Just as they migrated North over a number of years, the exodus of the Southern whites from Chicago was gradual. Along with the decline in low-skilled jobs, the main reason for the exodus was urban renewal. Growing up in Lincoln Park, I witnessed what was probably the first wave of these changes. In the area west of Halsted near Diversey, on streets like Burling, Schubert, Dayton and Mildred, rusted iron fences, tarpaper houses and grey wood porches gave way to manicured gardens, wolmanized wood decks and aluminum siding. Rents went up and the hill folk either moved back South or into Uptown, which remained the last bastion for the Southern migrants.
“Things were strong here through the seventies and eighties as far as Southerners living and staying,” says Harris, whose bar features live country music five nights a week.

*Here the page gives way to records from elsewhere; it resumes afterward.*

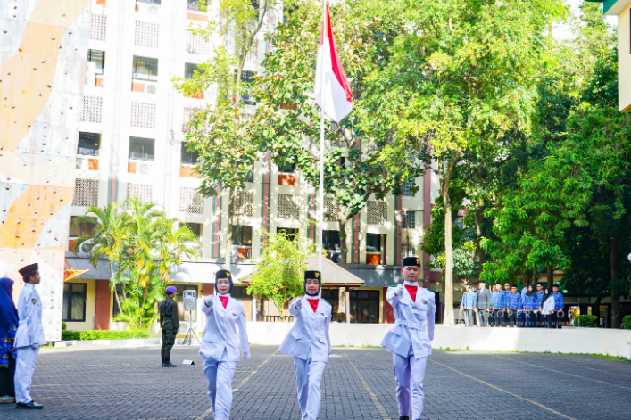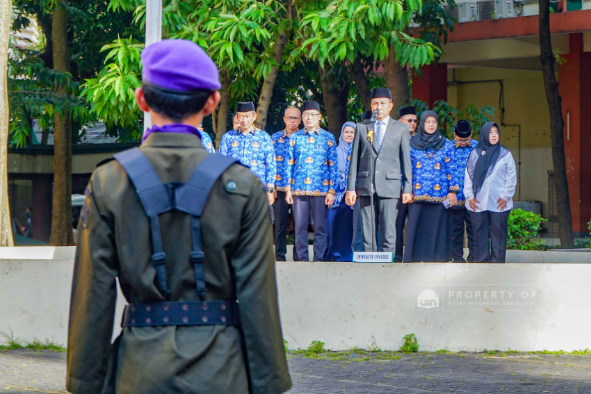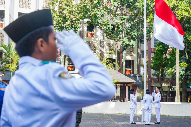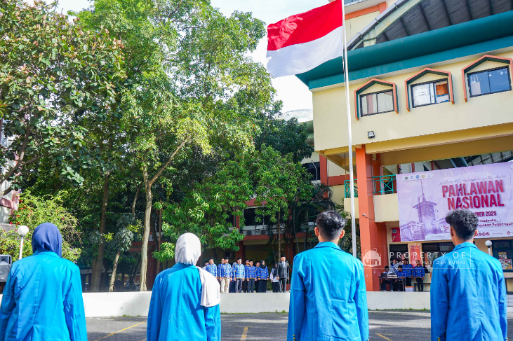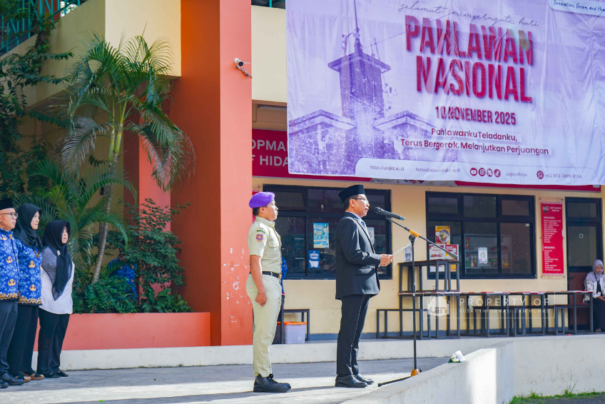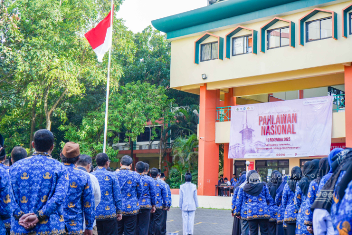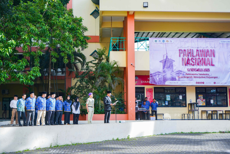 UIN Syarif Hidayatullah Jakarta menggelar upacara bendera peringatan Hari Pahlawan di Lapangan Student Center pada Senin (10/11/2025). Dalam amanatnya, Wakil Rektor Bidang Kemahasiswaan, Prof. Ali Munhanif, M.A., Ph.D., menegaskan bahwa mahasiswa harus meneladani semangat para pahlawan. Ia menyatakan bahwa perjuangan hari ini tidak lagi di medan perang, melainkan di "medan ilmu pengetahuan, perjuangan moral, dan juga karya untuk bangsa". Prof. Ali berharap semangat perjuangan ini terus menyala agar sivitas akademika dapat terus bergerak dan berdampak positif bagi Indonesia. Upacara ini dihadiri oleh para pimpinan, dosen, tenaga kependidikan, serta mahasiswa. (Fotografer: Tiara Abdhie/ Teks: Nabila Azzahra Syawal/Pusat Informasi dan Humas UIN Jakarta)
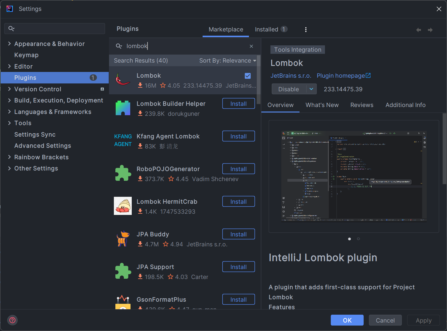 플러그인 Marketplace에 "lombok"을 검색해 설치를 진행해줍니다.
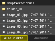 Sie können von der Anzeigemethode <Details> (Dateinamen und Änderungsdaten) zu <Bilder> (Vorschau) wechseln. Wenn Sie eine Vorschau der Bilder anzeigen, können Sie den Dateiinhalt prüfen, bevor Sie eine Datei für das Drucken auswählen.
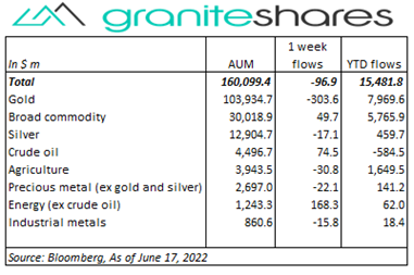 • Minimal commodity ETP outflows last week. Gold (-$304m) outflows were almost entirely offset by energy (ex-crude oil) ($168m), crude oil ($75m) and broad commodity ($50m) inflows.
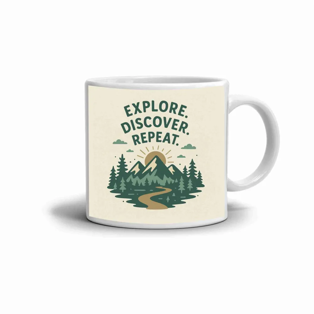 Biely keramický hrnček 330ml s obrázkom - explore repeat

“It wasn’t really until the 1990s when they started rehabbing the condos and the yuppies moved in. After that the landlords started raising the rents and the people moved back South.”
Many of the Southern whites also stayed in Chicago, perhaps living in the same North Side neighborhoods or moving to the suburbs, blending in and enjoying all the benefits of a prosperous community.
“You’ve got to realize that the white southern migrant, unlike the black or Puerto Rican, faces what is basically just a one-generation problem,” says Bill Myers, a social worker who worked in Uptown during the seventies. “All he has to do is lose his Southern accent and move out of the migrant community and nobody recognizes him any more.”
With the closing of “Sharon’s Hillbilly Heaven” on Lawrence and Broadway, Carol’s represents what may be the last bastion of the true, Southern-white culture in Uptown. Now the crowd is a mixture of the few remaining regulars as well as young hipsters trying to catch the country vibe. Because of this, Diamondback now mixes in old pop, R&B and even rock numbers with traditional country standards like “Kiss An Angel Good Morning,” “Faded Love,” and “Your Cheatin’ Heart.”
“When the neighborhood began to change fifteen years ago we thought we would see a drop in business,” Harris says, “but we found out that yuppies like country too.”